Better still – get your supporters to ask for money on your behalf. That’s why we sponsor marathon runners for charities we’ve barely heard of and would never choose to proactively donate to. Because they asked us to, and we trust our friends more than we trust brands or marketers. Your fundraisers and challenge eventers are great at utilising this ‘social proof’ and hundreds of their friends will give you money because they asked you to. Most of those friends wouldn’t donate if it was you who asked them.
9A retweet from Stephen Fry isn’t your fundraising strategy
Neither is a ‘viral video’. Believe me, neither is the pot of gold at the end of the rainbow that you might think they are. There isn’t a shortcut or magic bullet to online fundraising success.

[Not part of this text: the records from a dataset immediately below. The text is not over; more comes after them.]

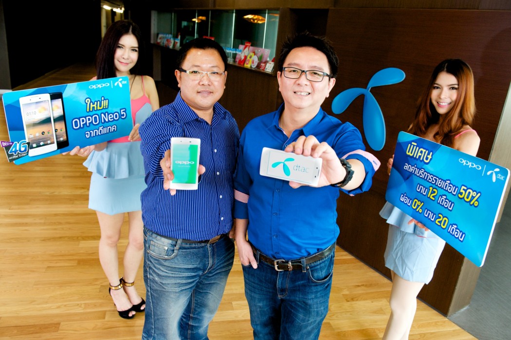 นายปกรณ์ มโนรมย์ภัทรสาร ผู้อำนวยการฝ่ายการตลาดธุรกิจโพสต์เพด บริษัท โทเทิ่ล แอ็คเซ็ส คอมมูนิเคชั่น จำกัด (มหาชน) หรือ ดีแทค และนายชูเกียรติ อรุณอุดมชัย ผู้อำนวยการฝ่ายขาย บริษัท ไทย ออปโป้ จำกัด เปิดตัว OPPO Neo 5 สู่ตลาดสมาร์ทโฟนเมืองไทยอย่างเป็นทางการ โดยดีแทคได้สิทธิ์เป็นผู้ให้บริการรายเดียวในประเทศไทยที่จัดจำหน่าย OPPO Neo 5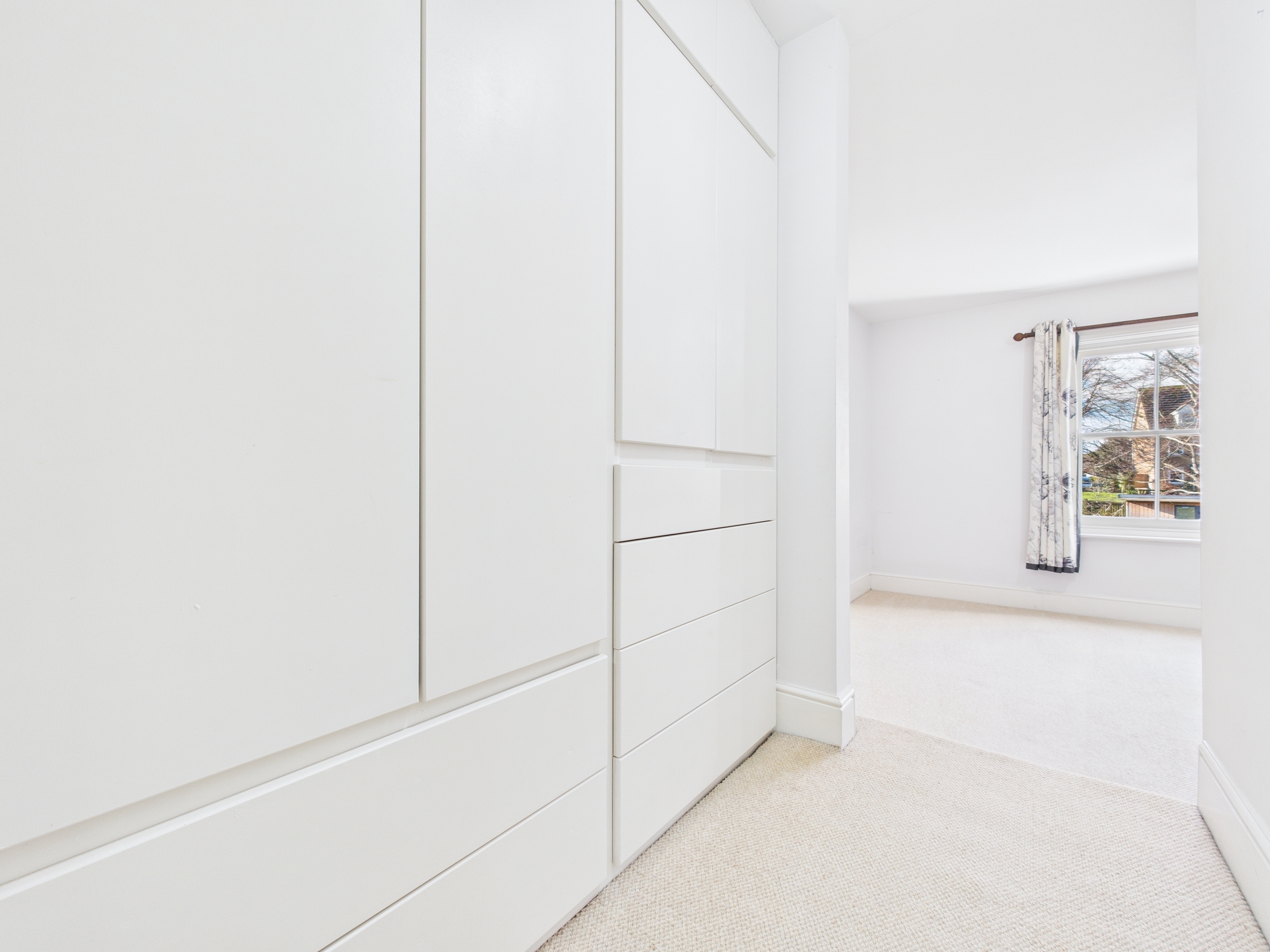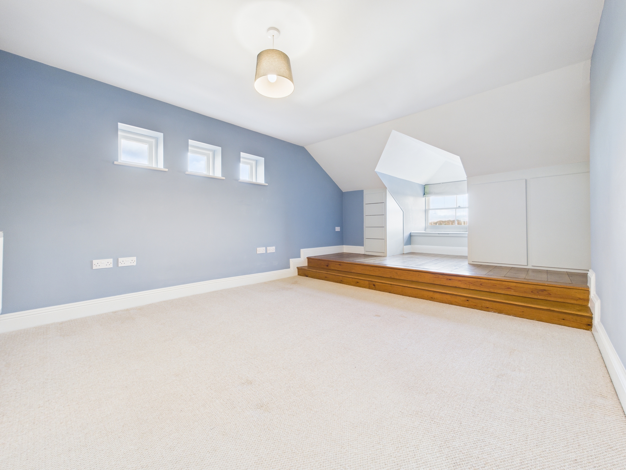 Rising to the second floor, a small landing leads into bedroom one, a sanctuary for relaxation. There are three high-level windows to the side elevation and two steps to a raised seating and storage area within the eaves. A pretty window seat lies beneath a front elevation window from which you are treated to picturesque views of the River Hamble beyond. This bedroom boasts the added convenience of a modern four-piece ensuite including a triangular shaped feature window. There is a shower cubicle, panel enclosed bath, wash hand basin, WC and a heated towel radiator.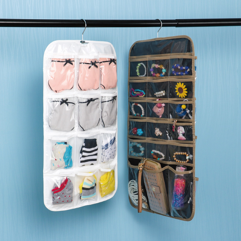 Double-sided underwear storage hanging bag put socks headgear fabric storage bag dormitory hanging wardrobe artifact

Lucky you if your CEO has never uttered these words ‘we need our own version of the Ice Bucket challenge’. Creating your own viral campaign is akin to having ‘win the lottery’ as your fundraising strategy. It almost certainly won’t happen in your lifetime, and if it does then you just need to hang on for the ride. I would imagine that Stephen Sutton raised more money for the Teenage Cancer Trust than the rest of their fundraising department combined. And we was just a young guy with a blog and a story and attitude that you couldn’t help but be drawn to and be inspired by.
10People are busy, lazy and are watching the X-Factor
You don’t have a divine right to their attention, let alone their money, however worthy or important you think your cause is. And however shallow and frustrating you think it is that millions more of them use their phone to vote in a TV singing contest than text to donate to a charity. People relate to people!
Even your most ardent of supporters is probably skim-reading your emails and newsletters. You’re lucky to grab a sliver of everyone else’s precious attention. Get straight to the point. Make it all about them rather than about you. The sweetest sound to someone’s ears is their own name.